The claimant prays for:
a) Payment of Kshs. 131, 448.00.
b) Costs of the claim.
c) A declaration the termination was unfair and unjust.
d) Any other relief that the Court may deem just and fit to grant.
The reply to memorandum of claim was filed on 01.02.2015 through M/s Sherman Nyongesa & Mutubia Advocates. The respondent pleaded as follows. At termination the claimant earned Kshs.9, 000.00 gross monthly salary. The respondent admits that on 01.01.2013 a letter of appointment issued. Further during employment, the claimant developed an arrogant, rude behaviour and displayed lack of commitment to her work and was on several occasions rude to her superiors. In that regard she wrote apology letters and was forgiven and allowed to continue working. In the instant occasion, during the disciplinary hearing she was asked to write an apology but she arrogantly refused and the respondent had no option to dismiss her per sections 41 and 44 of the Employment Act, 2007. The respondent denied all claims and prayers and prayed that the instant claim be dismissed with costs.
The claimant testified to support her case. The respondent’s witnesses were the claimant’s supervisor Philgona Erastus Abidha (RW1) and the head teacher Najaa Omar Mohamed (RW2). Final submissions were filed for parties. The Court has considered all material on record and returns as follows.

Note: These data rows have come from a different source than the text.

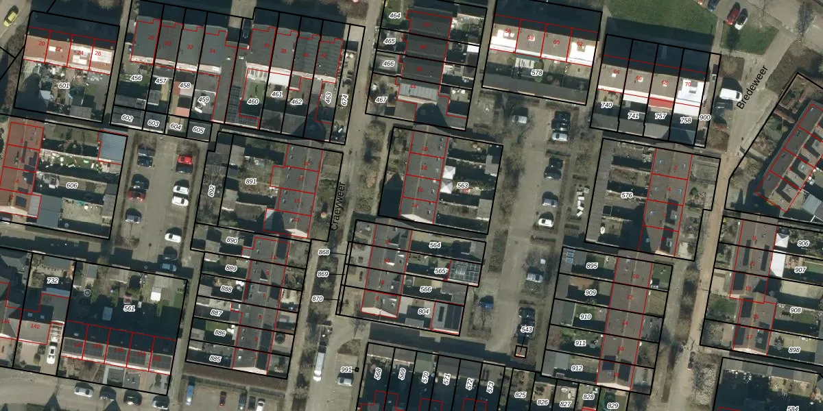Het perceel waarop Craeyweer 14 staat heeft een oppervlakte van 592 m². Dit is een groot perceel. De perceeloppervlakte wordt geregistreerd door het Kadaster. Gedetailleerde informatie over de maten van dit perceel kunt u vinden in het rapport Kadastrale kaart met maatvoering van Craeyweer 14.
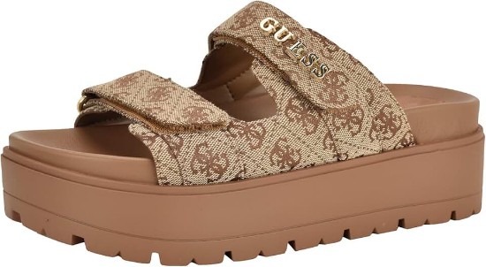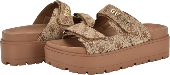 Embrace the sporty-chic trend with these versatile Guess platform slide sandals. Combining comfort with a bold, contemporary look, these slides are perfect for adding an edgy, elevated touch to your casual style. Featuring two wide, adjustable straps across the foot with a metal Guess logo detail.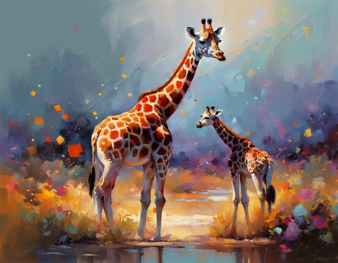 This image shows a baby giraffe in a colorful African landscape, captured in a realistic oil painting style with a focus on cuteness and luminosity.
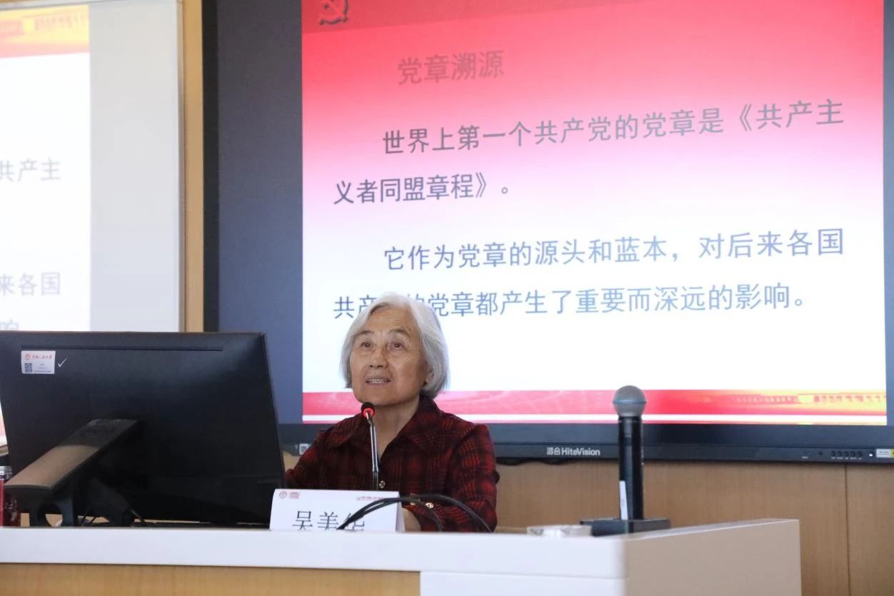 讲座中,吴美华教授着重带领大家学习了现行党章原文的总纲及部分条文,引导各位入党积极分子加深对党的性质、宗旨、奋斗目标、指导思想、基本方略、组织制度与纪律要求等的认识与理解。她强调,党章是每名党员的“终身必修课”,既是方向之旗、修身之镜,更是行为之尺。她教导同学们在行使权利中坚守纪律,在履行义务中担当使命,做到将党章要求内化于心,外化于行,努力成长为新时代合格的共产党员。

First, there is no dispute that the parties were in a contract of service. The claimant was a cleaner and as per the pay slips exhibited for the respondent her last gross monthly pay was Kshs.9, 000.00.
Second, the evidence was that the claimant was dismissed on account that the toilets she cleaned were smelly.
Third, the claimant testified that she was summoned and told about the smelly toilets. While testifying that she performed as expected, she does not state whatever she did to improve following the summoning. The Court sees no ground to discredit the respondent’s evidence that the claimant failed to perform as expected and was asked to explain and apologise and continue in employment but refused to apologise and the respondent made a decision they separate. The Court finds that the respondent has established the genuine reason for termination per section 41 and 45 of the Employment Act, 2007 and it cannot be said that the procedure adopted to terminate was unfair – as envisaged in section 45 of the Act, the claimant was given opportunity to apologise and continue working and the Court finds refusal to apologise meant she was unwilling to improve. The Court finds that the claimant was the author of her dismissal and she contributed 100%. The Court finds the termination was not unfair, the claimant is not entitled to compensation, and the respondent was entitled to dismiss with a shorter notice than was agreed (per section 44 of the Act) and notice pay is declined.
Fourth, the Court finds that there is no reason to doubt the evidence by RW2 that school closed during school holidays and public holidays and the claimant took leave during the school holidays as there was no policy for pay in lieu of notice. Leave claim will fail especially that there appears no grievance in that regard throughout the subsistence of the employment. The claimant has exhibited and relied on the Regulation of Wages (Agricultural Industry) (Amendment) Order 2015 which became operational on 01.05.2015. As submitted for the respondent the Order could not apply retrospectively for the period May 2013 to April 2014 as claimed. Further it is clear that the claimant worked in a school and the Order applying to Agricultural Industry Could not apply. As well, the General Order exhibited for 2015 could not apply retrospectively in view of underpayments claimed for 2013 and 2014. The claimant’s suit will therefore fail. The Court has considered all the circumstances of the case including that prior to the written contract the claimant had been in respondent’s service under terms that had not been documented and each party will bear own costs of the suit.
In conclusion judgment is entered for the respondent against the claimant for dismissal of the memorandum of claim with orders each party to bear own costs of the suit.
SIGNED, DATED AND DELIVERED BY VIDEO-LINK AND IN COURT AT MOMBASA THIS FRIDAY 3RD DECEMBER, 2021.